Beginning with the line that contains "- 출력 : 140 ~ 184hp 엔진", retype the entries below exactly, ending with the line that contains "ブルーのオーガニックコットン". Leave out any pictures.

**Entries shown:**
────────

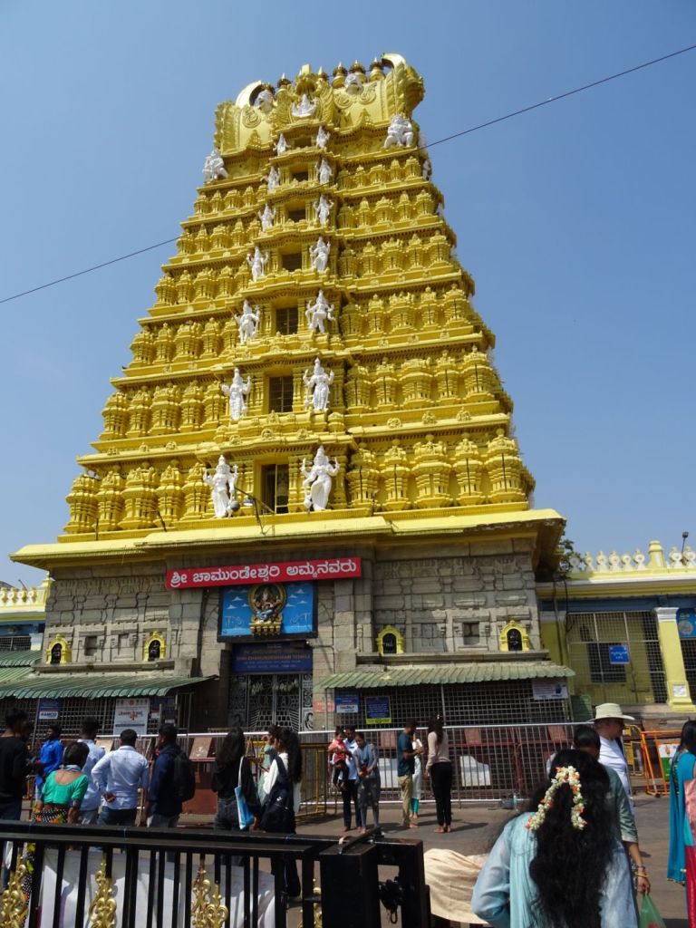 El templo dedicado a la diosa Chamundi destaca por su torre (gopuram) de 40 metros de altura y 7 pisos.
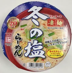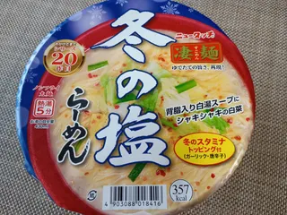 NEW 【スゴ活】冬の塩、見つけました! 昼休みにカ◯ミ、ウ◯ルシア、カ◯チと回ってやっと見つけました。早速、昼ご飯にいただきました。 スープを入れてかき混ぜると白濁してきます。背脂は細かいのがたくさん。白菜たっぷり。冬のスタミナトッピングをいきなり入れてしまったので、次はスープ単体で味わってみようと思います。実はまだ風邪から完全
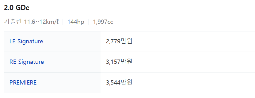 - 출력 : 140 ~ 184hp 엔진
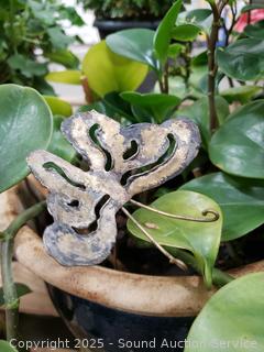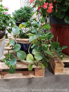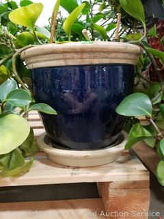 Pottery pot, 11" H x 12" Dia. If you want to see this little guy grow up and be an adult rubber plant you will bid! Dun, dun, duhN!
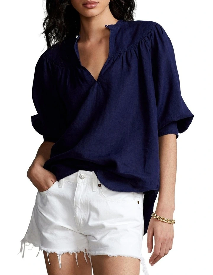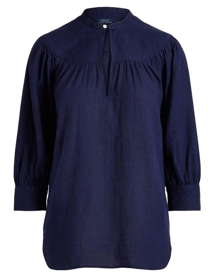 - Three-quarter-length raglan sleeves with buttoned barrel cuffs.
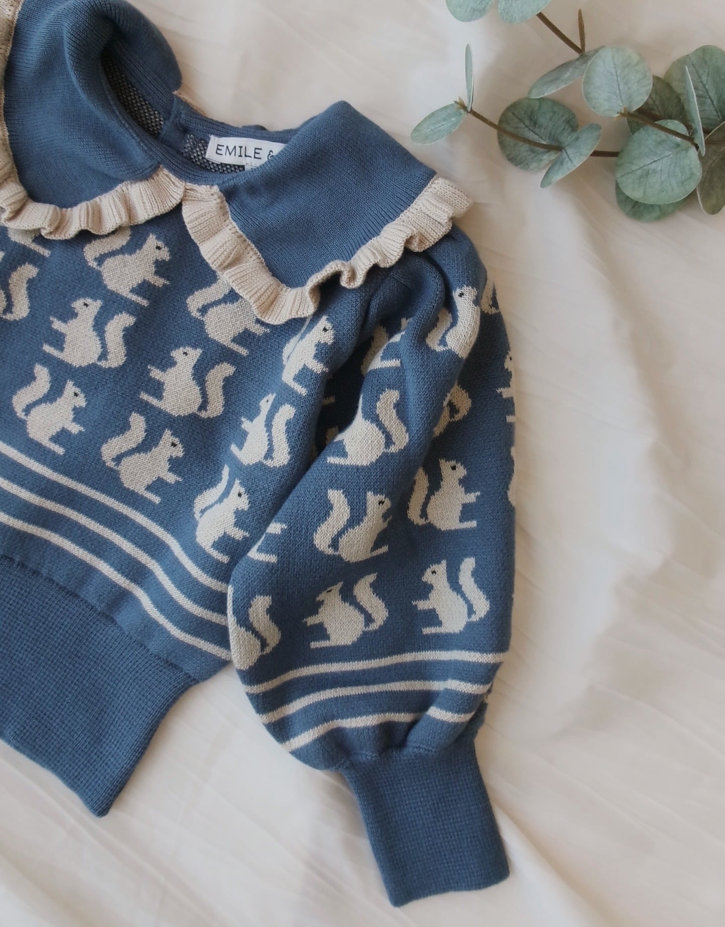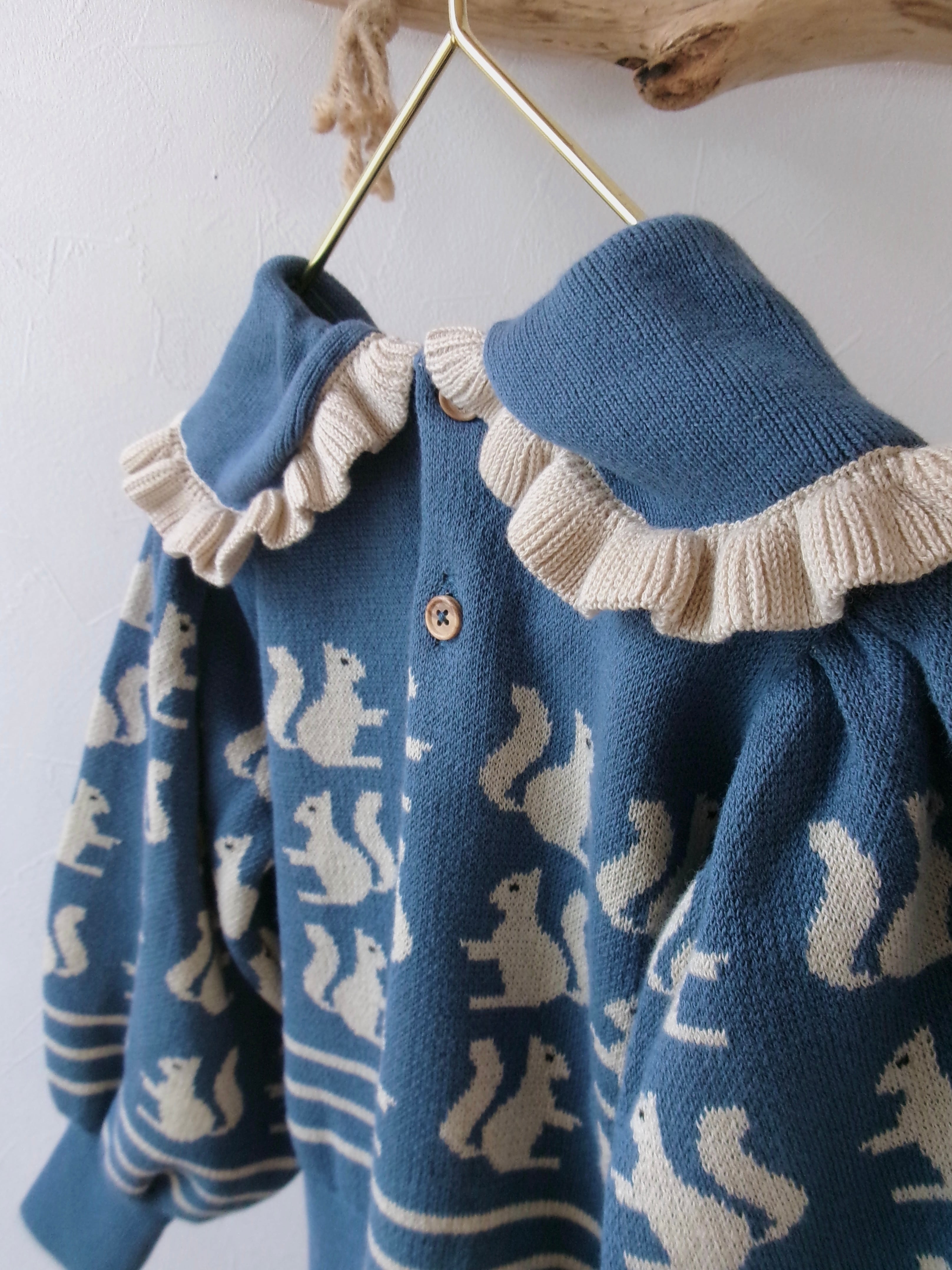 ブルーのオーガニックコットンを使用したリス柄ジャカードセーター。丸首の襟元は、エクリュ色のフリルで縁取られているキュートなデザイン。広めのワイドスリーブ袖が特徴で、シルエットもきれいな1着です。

────────

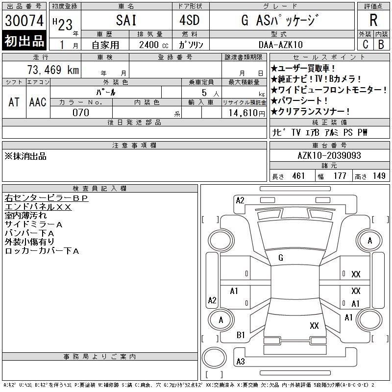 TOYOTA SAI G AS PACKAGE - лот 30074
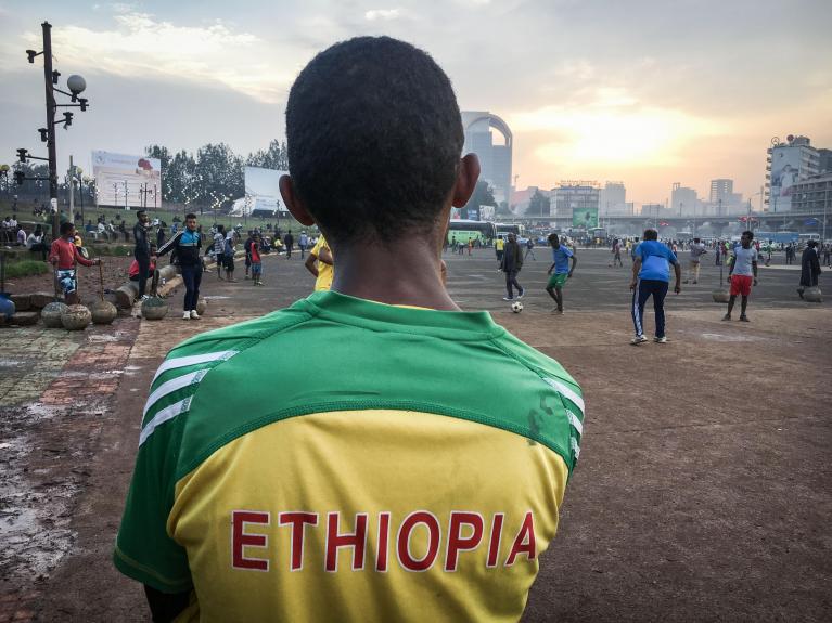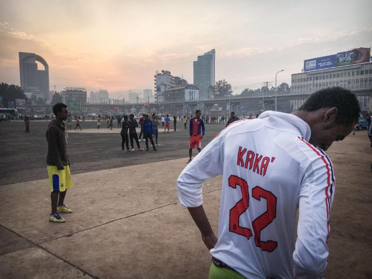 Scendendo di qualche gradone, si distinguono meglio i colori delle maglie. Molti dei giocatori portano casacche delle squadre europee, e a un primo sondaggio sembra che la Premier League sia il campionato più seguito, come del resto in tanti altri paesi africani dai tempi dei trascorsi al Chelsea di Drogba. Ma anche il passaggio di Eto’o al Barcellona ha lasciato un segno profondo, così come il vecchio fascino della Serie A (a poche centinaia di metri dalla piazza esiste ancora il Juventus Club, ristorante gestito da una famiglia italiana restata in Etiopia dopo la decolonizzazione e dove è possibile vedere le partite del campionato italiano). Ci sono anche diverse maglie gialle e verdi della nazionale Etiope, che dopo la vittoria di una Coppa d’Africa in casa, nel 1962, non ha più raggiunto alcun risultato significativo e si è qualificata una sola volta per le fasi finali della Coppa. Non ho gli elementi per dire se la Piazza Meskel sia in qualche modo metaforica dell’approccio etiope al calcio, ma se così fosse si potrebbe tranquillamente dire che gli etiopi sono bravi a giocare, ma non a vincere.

────────

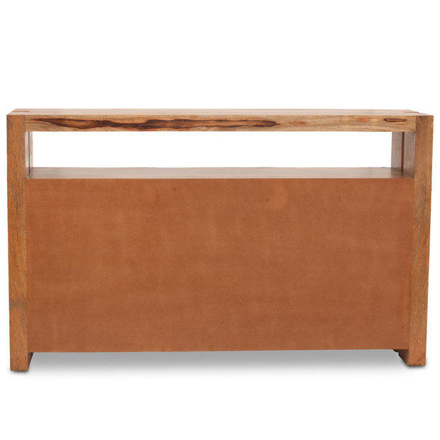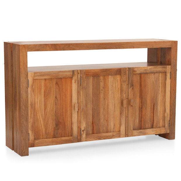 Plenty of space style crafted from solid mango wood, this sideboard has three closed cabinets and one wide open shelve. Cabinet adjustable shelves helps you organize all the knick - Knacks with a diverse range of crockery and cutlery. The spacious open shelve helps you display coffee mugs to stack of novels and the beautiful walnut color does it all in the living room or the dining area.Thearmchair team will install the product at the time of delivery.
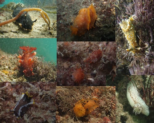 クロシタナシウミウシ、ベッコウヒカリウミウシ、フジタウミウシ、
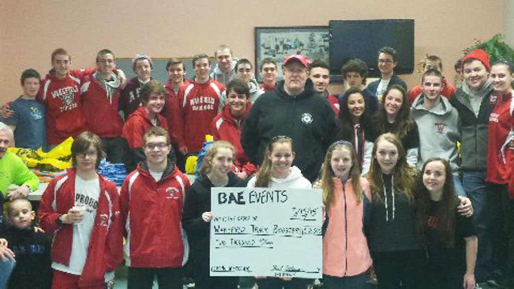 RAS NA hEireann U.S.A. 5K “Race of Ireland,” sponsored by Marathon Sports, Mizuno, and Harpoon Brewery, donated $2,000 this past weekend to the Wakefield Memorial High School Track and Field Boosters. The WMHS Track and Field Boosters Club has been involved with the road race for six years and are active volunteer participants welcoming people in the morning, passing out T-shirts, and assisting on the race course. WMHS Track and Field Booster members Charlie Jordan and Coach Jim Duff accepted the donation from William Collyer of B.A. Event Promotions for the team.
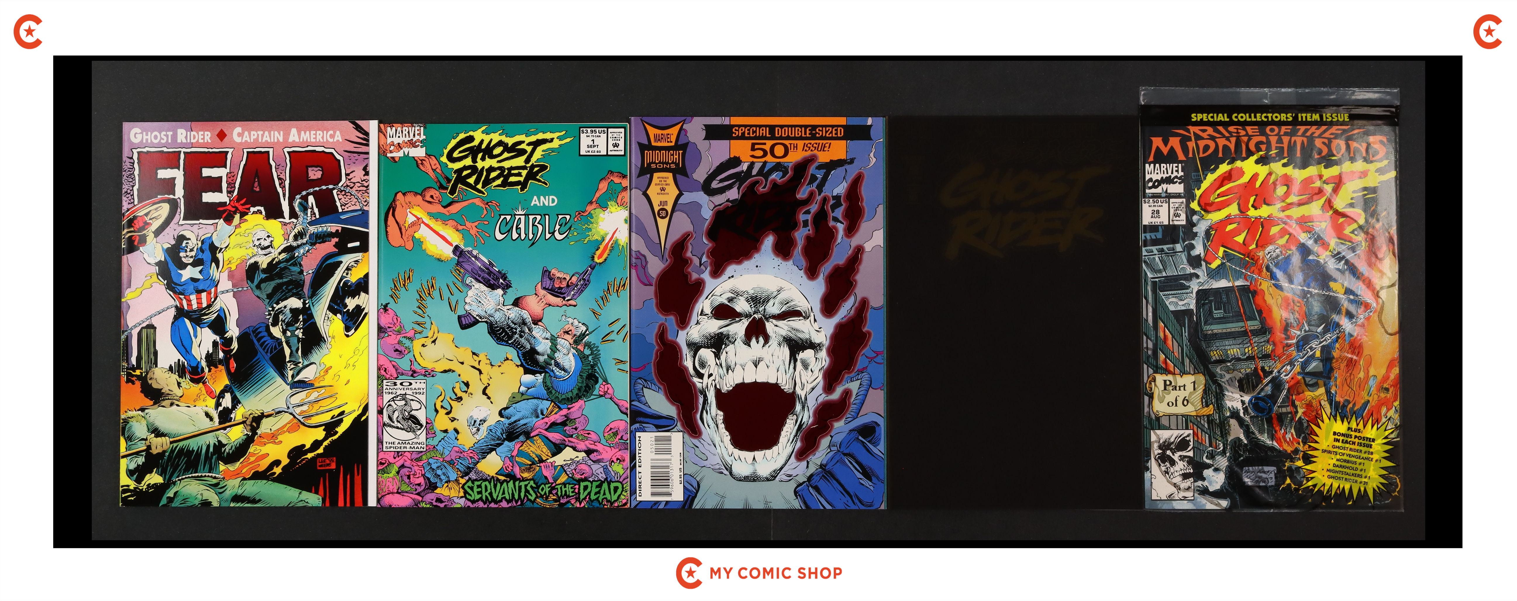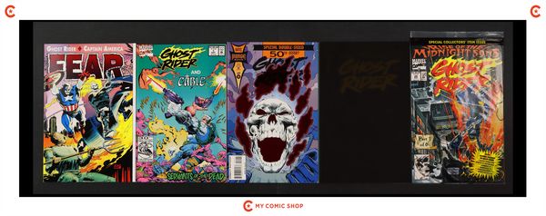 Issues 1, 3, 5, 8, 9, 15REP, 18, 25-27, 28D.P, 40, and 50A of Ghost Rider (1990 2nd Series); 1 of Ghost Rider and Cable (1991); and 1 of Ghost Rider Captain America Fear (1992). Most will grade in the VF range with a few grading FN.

────────

**Exercise answer:**
 - 출력 : 140 ~ 184hp 엔진
 Pottery pot, 11" H x 12" Dia. If you want to see this little guy grow up and be an adult rubber plant you will bid! Dun, dun, duhN!
 - Three-quarter-length raglan sleeves with buttoned barrel cuffs.
 ブルーのオーガニックコットンを使用したリス柄ジャカードセーター。丸首の襟元は、エクリュ色のフリルで縁取られているキュートなデザイン。広めのワイドスリーブ袖が特徴で、シルエットもきれいな1着です。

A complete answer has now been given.